On the day my mother died, I found an opened Neiman Marcus box sitting just outside her closet. I peeked in and spied a stunning double-breasted Nanette Lepore jacket in a bright-pink tweed with a high, wide collar, silver zippers, and a price tag that, for a winter coat, almost—but not quite—bordered on reasonable. That brutally hot August day in San Antonio was, I am pretty sure, the worst of my life: My mother went out to walk the dog and either had a stroke and fell or, maybe, fell and broke her neck; no one in the emergency room seemed to be able to say for sure. My husband and I sat at her bedside in the hospital while her life faded away, knowing all the while that our son and my father were flying home from a vacation in San Francisco with only the faintest inkling of the shock that awaited them.

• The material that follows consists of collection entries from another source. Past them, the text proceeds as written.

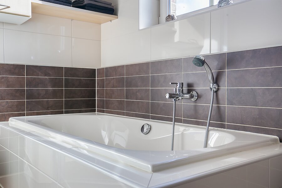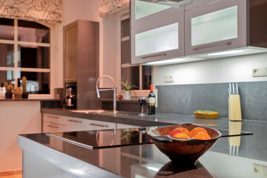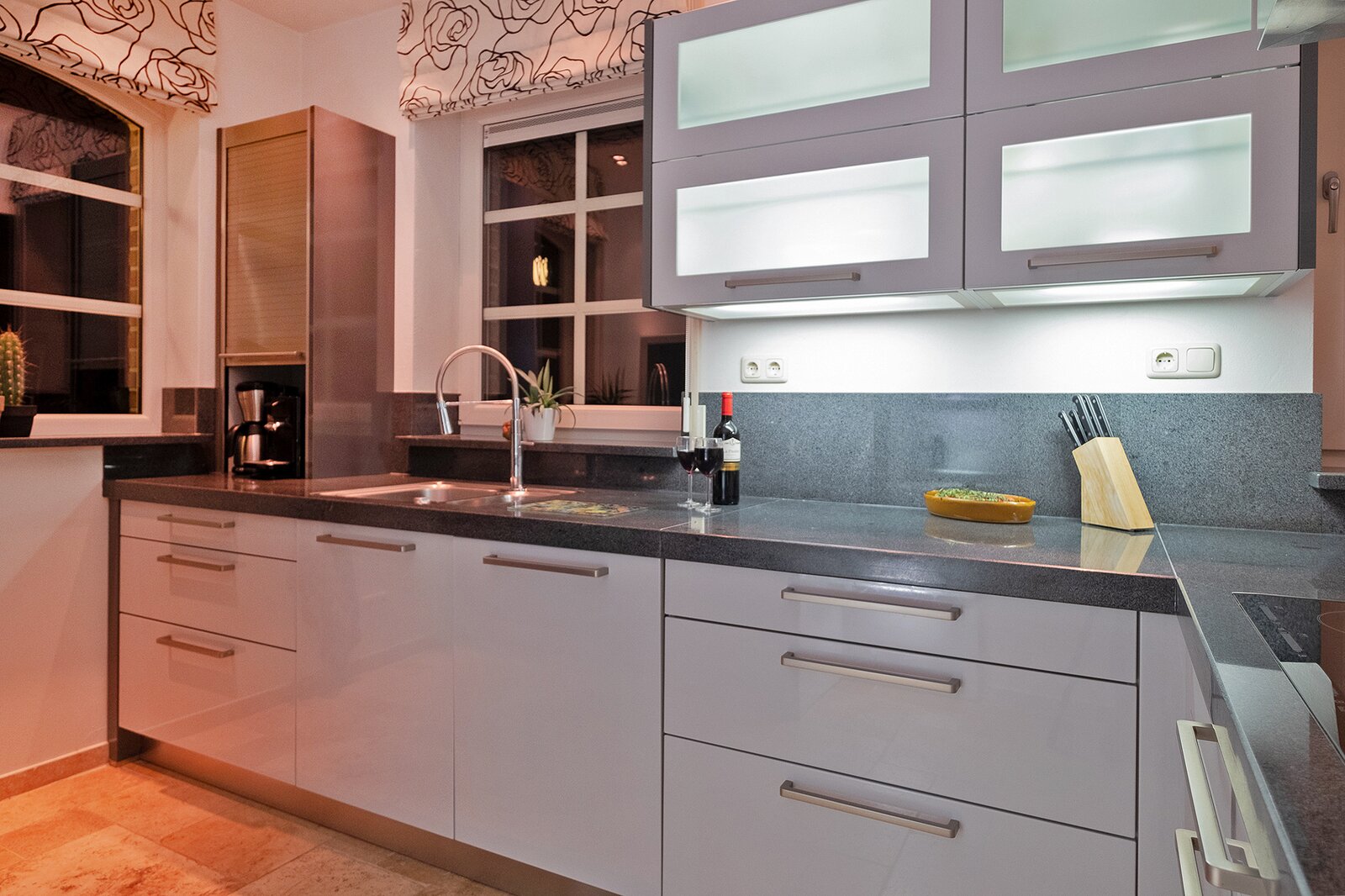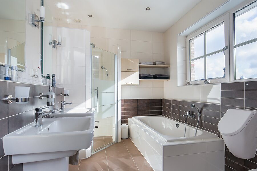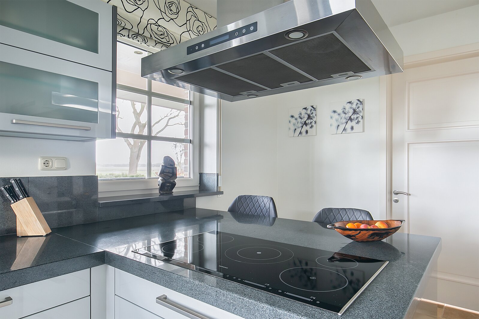 Luxe keuken met 'Next 125' design opstelling voorzien van een hardstenen blad en diverse 'Siemens' inbouwapparatuur zoals een vaatwasser, koelkast, combi-oven, inductie kookplaat en afzuigkap. Royale en moderne badkamer met dubbele wastafel, bidet, hangcloset, stortdouche en ligbad.
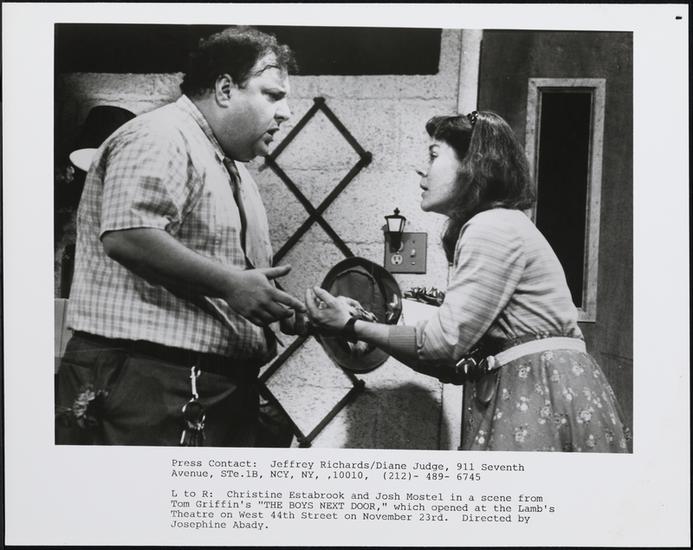 [Judy Kahan and Josh Mostel in "The Proposition".]
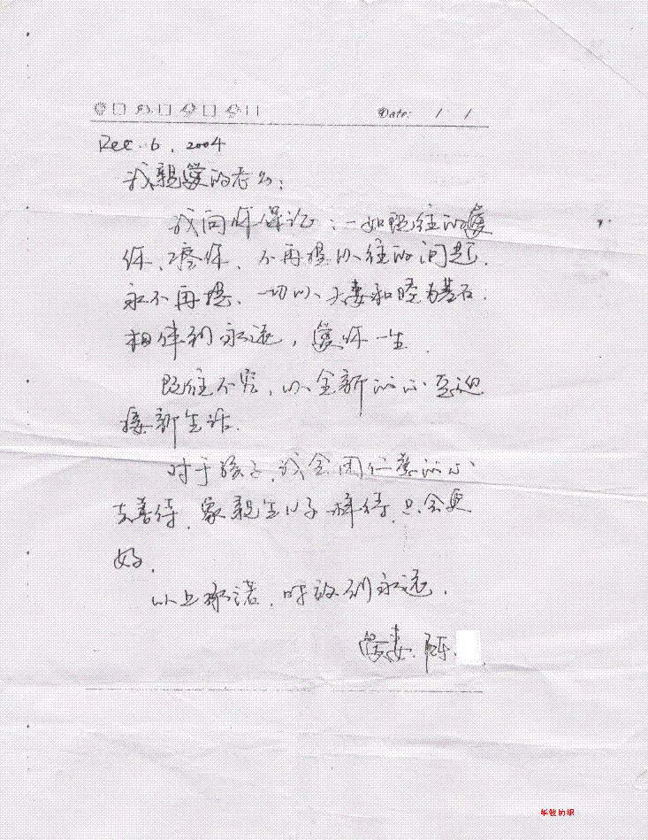 证据7:董锋重婚的女人陈x写给董锋的承诺书照片

The jacket was a welcome distraction. Back at my parents’ apartment on a short break from the hospital, I reached in and ran my hand over the satiny lining, checked the size (mine and hers, or hers and mine), and, momentarily oblivious to circumstance, asked the question I always asked myself when I discovered one of my mom’s great buys: How long would it be before she got tired of this and passed it on to me? Nearly five months after my mother’s sudden, shocking death, I am still disbelieving about many things, but one of the most nagging is this: Why, when my father asked me a few days later if I wanted that jacket, did I say, “No, send it back to Neiman’s”? Surely that is not what Mom would have wanted.

It is a little too early for me to start drawing neat lines around my relationship with my mom. (“Now your work with your mother really begins!” one of my most well-meaning friends crowed.) I don’t think anyone who knew Marie Swartz would disagree that she was a complex woman, by turns inspiring and infuriating, encouraging and deflating, shamelessly vain and intensely self-critical, supremely confident and maddeningly anxious, brilliantly perceptive and blindly self-deceiving. I can say without a doubt, though, that I loved her—sometimes in spite of herself—and that she loved me, no doubt at times in spite of myself. My mother was a woman of substance: She worked tirelessly to improve her hometown and had an unquenchable interest in art, design, ideas, and just about everything and everyone that came her way. And, generally, we agreed on the basics—values, politics, books. But I think the place where all the affection and all the secrets and all the competitions and everything else that defines a mother-daughter bond really resided was in that place I found myself, all alone, on the day she died: her closet.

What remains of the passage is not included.